My question is: Isn’t that dangerous? What if by accident or malicious intent someone creates a 100GB file with no '\n' byte in it – won’t that make my getline() call allocate an insane amount of memory?

edavid
  • 371
  • 1
  • 3
  • 5
  • Doesn't that depend on implementation? – MartinVeronneau May 03 '19 at 13:03
  • 1
    Sure. My fear is that my system might then be swapping to the point of stalling. With `fgets()` this wouldn’t be possible. I wonder if I’m misunderstanding something or if this risk of `getline()` is known. – edavid May 03 '19 at 13:06
  • @xing only error code I see mentioned in the man page is `EINVAL`. – Christian Gibbons May 03 '19 at 13:07
  • 4
    `an insane amount of memory` - is 100GB an insane amount of memory? is 100KB? is 1PB? Tell that someone 20 years from now.... What amount of memory is insane and what isn't? `getline()` is a function from the 1990s. It exists to "make life easier", not to "handle all the crazy cases an user wants". Writing a `getline()` implementation with max limit is not that hard. – KamilCuk May 03 '19 at 14:41
  • 1
    @KamilCuk Yes, no, and yes, respectively. In 20 years, the answers will be no, no, and yes. The exact threshold for what constitutes an insane amount of memory will certainly increase in later years, but the underlying problem (that there exist lines that will cause an out of memory condition or thrashing) will exist on any finite memory system. – Ray May 03 '19 at 14:50
  • 3
    @KamilCuk: The notion of a file containing a 100GB record without a length prefix seems a bit insane, no matter how much memory the target machine has. – supercat May 03 '19 at 15:42
  • @supercat: I wouldn't say it's insane, actually. What seems insane is not using fread if you're expecting that kind of file, or not checking getline's error return if you're not using a previously-allocated buffer. – jamesqf May 03 '19 at 17:45
  • @xing Interesting. My man page is from the 3.53 linux man page release. Is yours newer? – Christian Gibbons May 03 '19 at 17:55
  • `an insane amount of memory` – an order of magnitude more than the size of the RAM, on any machine from a Zuse II to HAL 9000. – edavid May 06 '19 at 08:47
  • @jamesqf, even if you pass a previously allocated memory buffer to `getline()`, it will expand it with no limit using `realloc()`. – edavid May 06 '19 at 08:49

6 Answers6

28

My question is: Isn’t that dangerous? What if by accident or malicious intent someone creates a 100GB file with no '\n' byte in it – won’t that make my getline() call allocate an insane amount of memory?
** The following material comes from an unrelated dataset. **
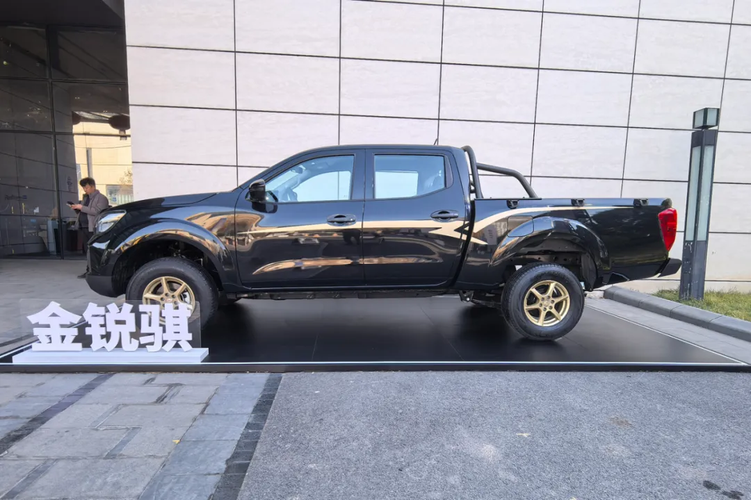 来到侧面,金锐骐仍然是高大威猛的皮卡造型,敦实的车身与硬朗的线条呈现出颇有张力的越野气息。同样,新车通过金色轮毂展现金锐骐的身份,带来了更明显的高级感。

Yes, what you describe is a plausible risk. However,

  • if the program requires loading an entire line into memory at once, then allowing getline() to attempt to do that is not inherently more risky than writing your own code to do it with fgets(); and
  • if you have a program that has such a vulnerability, then you can mitigate the risk by using setrlimit() to limit the total amount of (virtual) memory it can reserve. This can be used to cause it to fail instead of successfully allocating enough memory to interfere with the rest of the system.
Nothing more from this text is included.